003: Rails Sexy Validations Gotcha -- Validating Uniqueness

September 17, 2010

Note It’s not very safe to only have the unique constraint in your code. It should be in your database to avoid a situation where two instances of the application write to the database with the same value at the same time.

WHAT

Rails 3 brought about sexy validations. These are ways to more intuitively define what is and is not valid for the attributes of your models. When trying to validate unique records, I was surprised to find that it was case sensitive (‘Case’ and ‘case’ are considered unique).

WHY

The new syntax supports lots of interesting things like

validates :name, :presence => true, :uniqueness => true

While using the fantastic shoulda gem from thoughtbot, I quickly found out that one cannot currently validate case-insensitivity the new way without writing a custom validation.

LESSON

For the attributes I need to be unique regardless of case, I’ve stuck with the older syntax.

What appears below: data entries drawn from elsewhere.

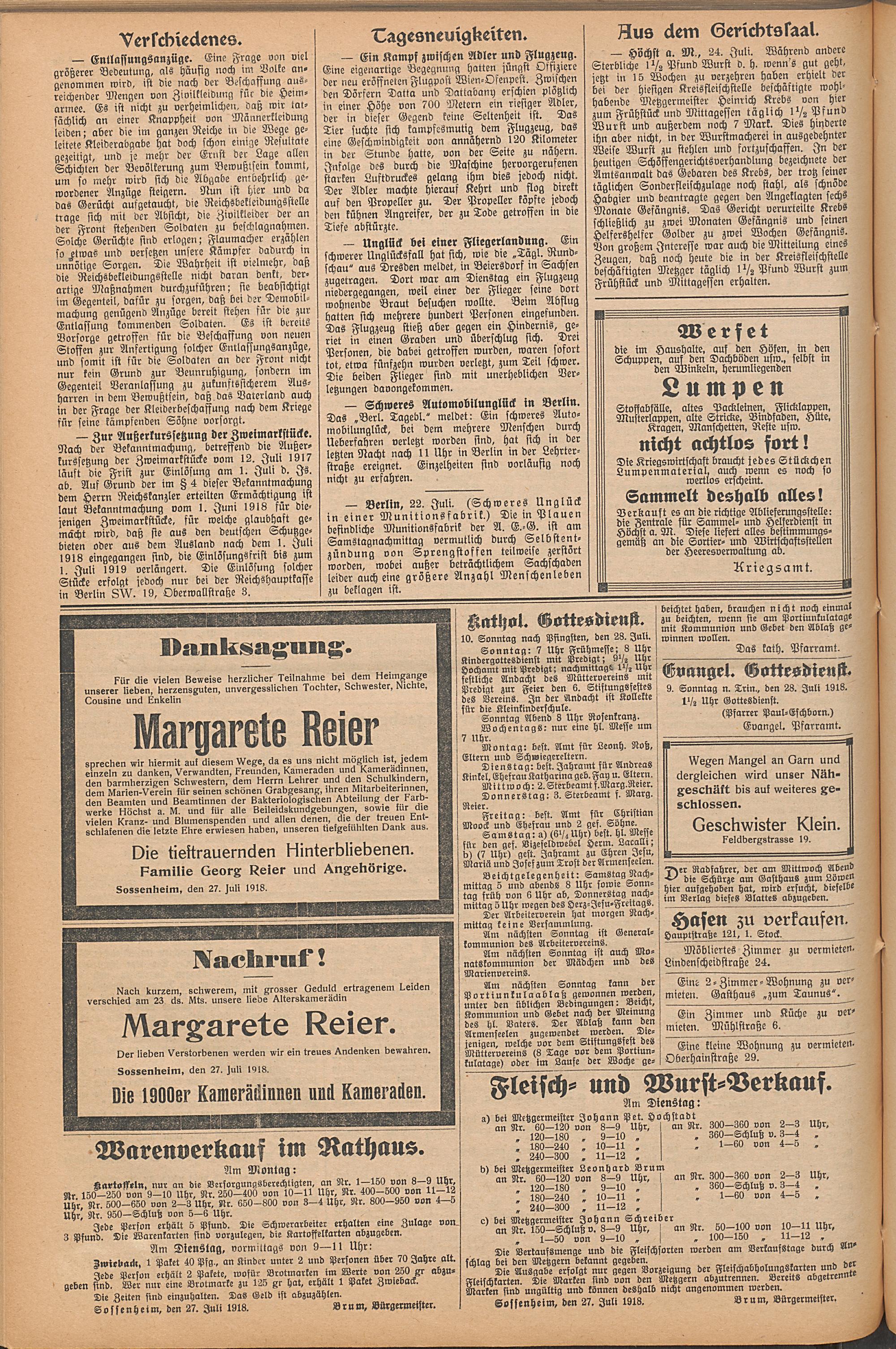Regionale Zeitungen aus der Zeit des Ersten Weltkrieges
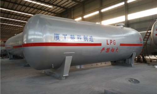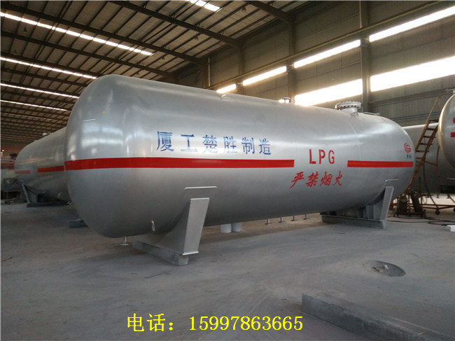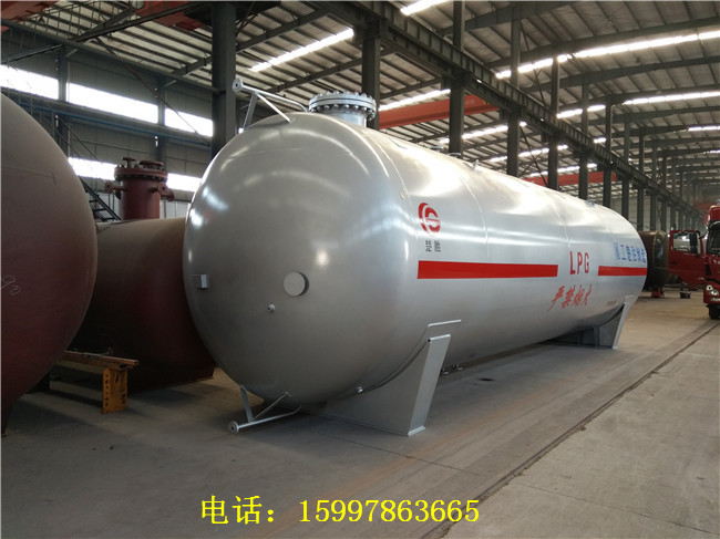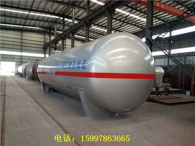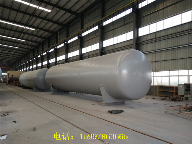 63立方液化氣貯存罐在一些中型液化氣充裝站內經常用到,它的設計壓力為1.77MPa,直徑2700mm,總長度11.5米,滿載可裝載25噸LPG介質。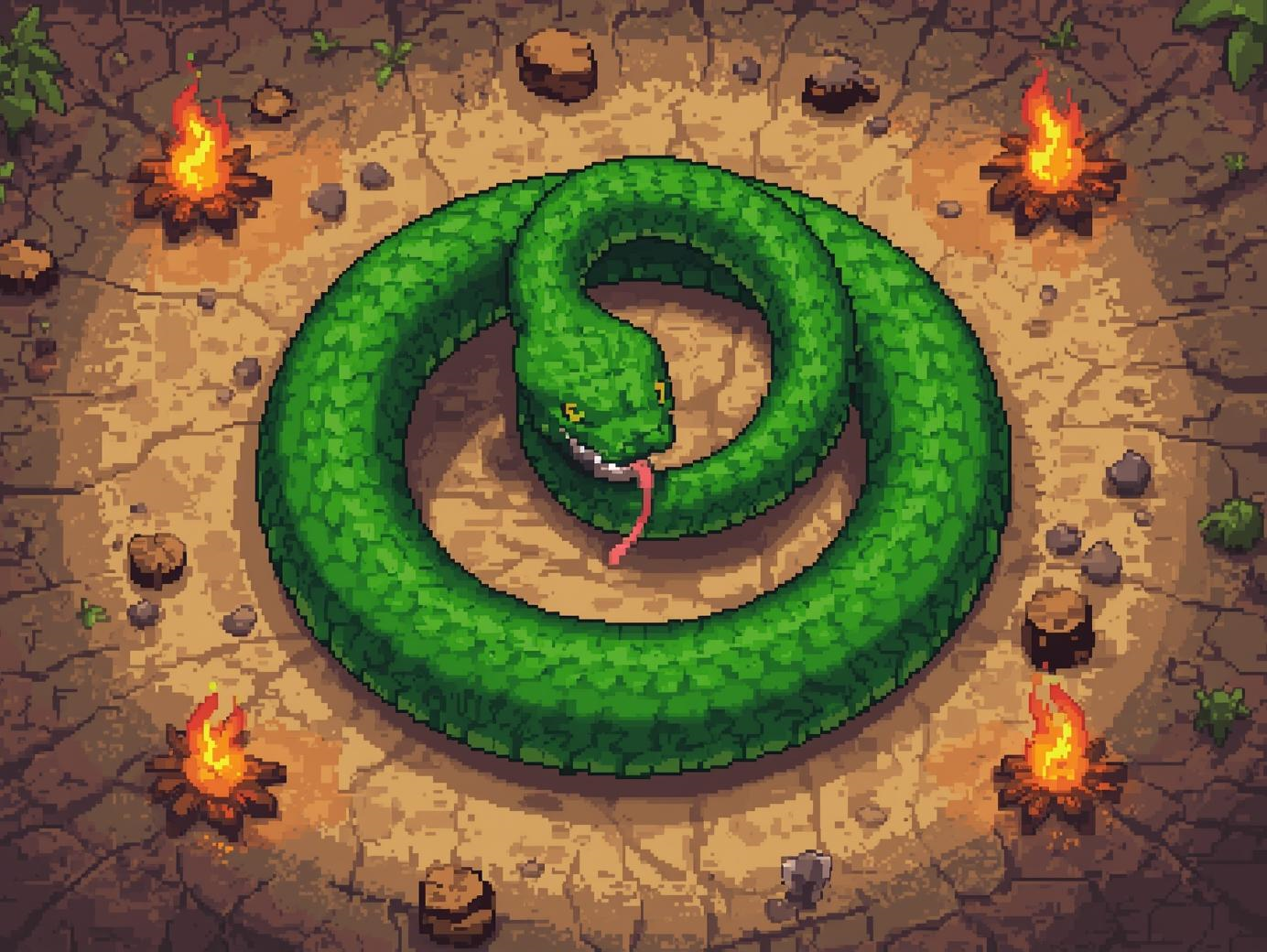 As laterais representando o FOGO matam a cobra, por isso é melhor ficar longe delas.

validates_uniqueness_of :name, :case_sensitive => false

The new, lighter syntax is more fun and readable to use when it works for your needs. All functionality doesn’t yet appear to be there.

SUPPORTING EVIDENCE

Rails 3 API Docs

Shoulda Test

require 'test_helper'
class UserTest < ActiveSupport::TestCase
  context "user creation" do
    subject { Factory(:charles) }
    should validate_presence_of :name
    should validate_uniqueness_of(:name).case_insensitive
  end
end

Shoulda Result Without case_sensitive => false

Expected errors to include “has already been taken” when name is set to “cHARLES”, got no errors.Expected block to return true value.